Overall conclusion in relation to the grounds of appeal
As we have found no merit in the grounds of appeal, the appeal must be dismissed.
The mother’s application in an appeal filed 5 February 2013
Prior to the hearing of the appeal, the mother had on 5 February 2013 filed an application in an appeal.
In that application she sought that the Court receive as further evidence an affidavit from her directed to events since the making of the orders which were the subject of the appeal. However as her Counsel conceded that that affidavit was only sought to be relied on should this Court, having found substance in the grounds of appeal, itself re-determine the application for the discharge of the return order or remit that application for re-determination by a single Judge, it is unnecessary that we consider further the application to adduce further evidence.

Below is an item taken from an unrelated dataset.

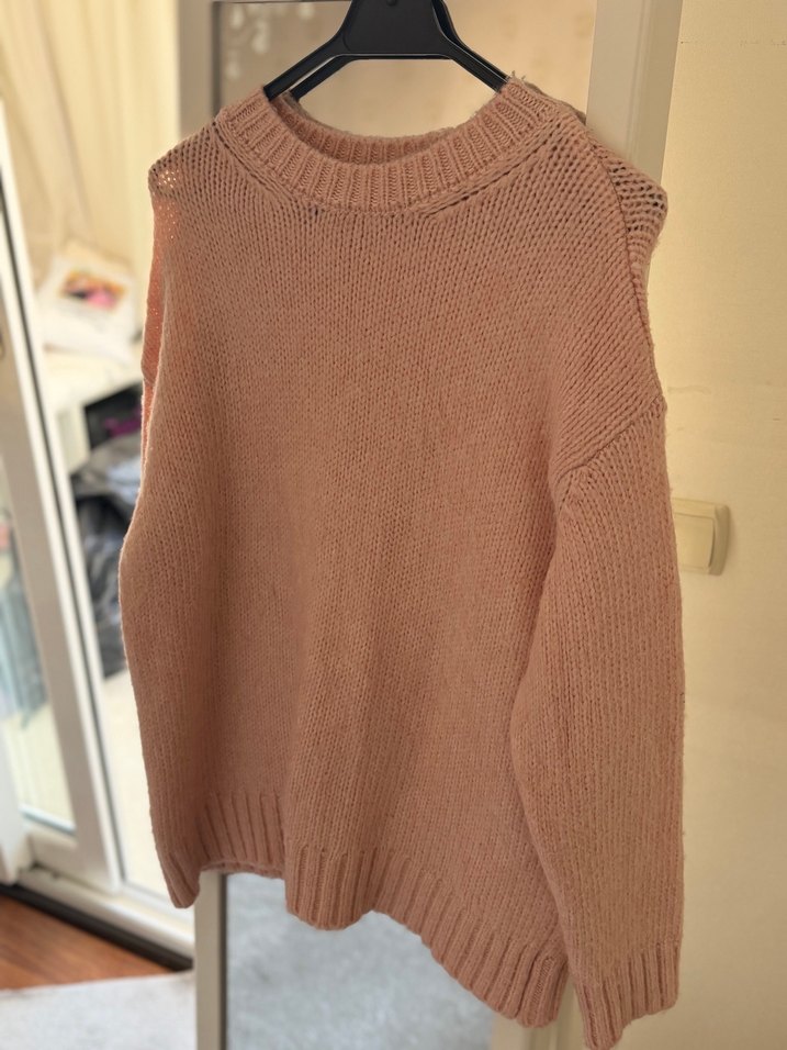 Bej renkli, triko örme, bisiklet yaka ve uzun kollu, salaş kesim kadın kazak. Düz ve pastel tonlarda, günlük kullanıma uygun.

In her application in an appeal, the mother also sought a range of orders directed to certain police forces and Government departments and other organisations for the production of documents. Such orders would be in the nature of subpoenas. Given that as a result of our orders no proceedings will remain on foot, no order in the nature of a subpoena could be made.
For these reasons we propose to dismiss the mother’s application in an appeal filed on 5 February 2013.

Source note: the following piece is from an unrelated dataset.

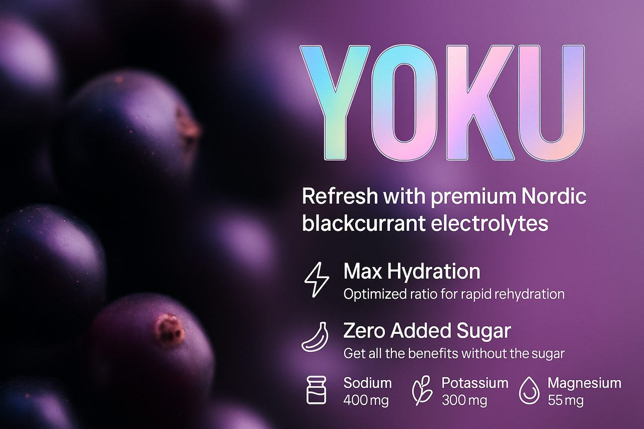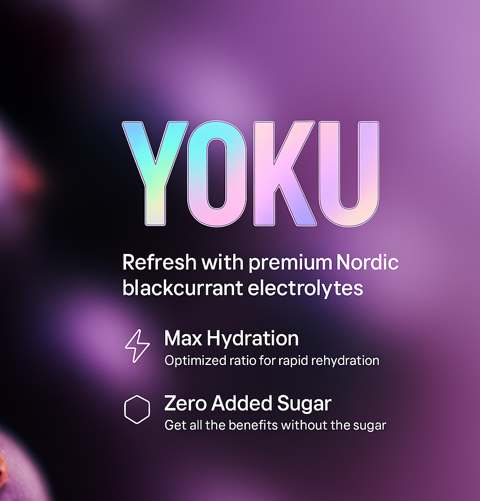 YOKU is a clean Nordic electrolyte mix made from real cold-dried blackcurrants and science-based minerals.Each serving delivers optimal hydration with sodium, potassium, and magnesium, without added sugar or artificial ingredients.Just mix with cold water for a refreshing, functional drink designed for training, recovery, sauna, and daily hydration.

The question of whether the appeal was moot
There was much force in the submissions put to us on behalf of the State Central Authority and the father that the appeal had been rendered nugatory or moot by the fact that the children were returned to Italy shortly after Forrest J made his orders on 3 October 2012 (cf. the decision of the Full Court in Saffari & Director-General, Department of Families [2002] FamCA 1085).
Counsel for the mother, however, sought to persuade us that if the appeal against those orders were to be upheld, the Australian Central Authority would be obliged under the Regulations or the Convention to seek the return of the children to Australia apparently on the basis they had been removed pursuant to erroneous orders.
We are not persuaded that there would be any such obligation on or indeed power in the Central Authority to seek the return of the children had the appeal been successful which, of course, it has not.
However, as we said earlier in these reasons we considered that the appropriate course in this case was to determine and dismiss the appeal on its merits.
COSTS OF THE APPEAL
At the conclusion of the hearing of the appeal we received oral submissions in relation to the costs of the appeal. In the event that the appeal was to fail, as it has, only the father sought an order for costs against the mother. However, we are not persuaded that the circumstances justify any order for costs. Accordingly the only order will be that there be no order for costs.
I certify that the preceding sixty-three (63) paragraphs are a true copy of the reasons for judgment of the Honourable Full Court (Finn, May and Strickland JJ) delivered on 14 March 2013.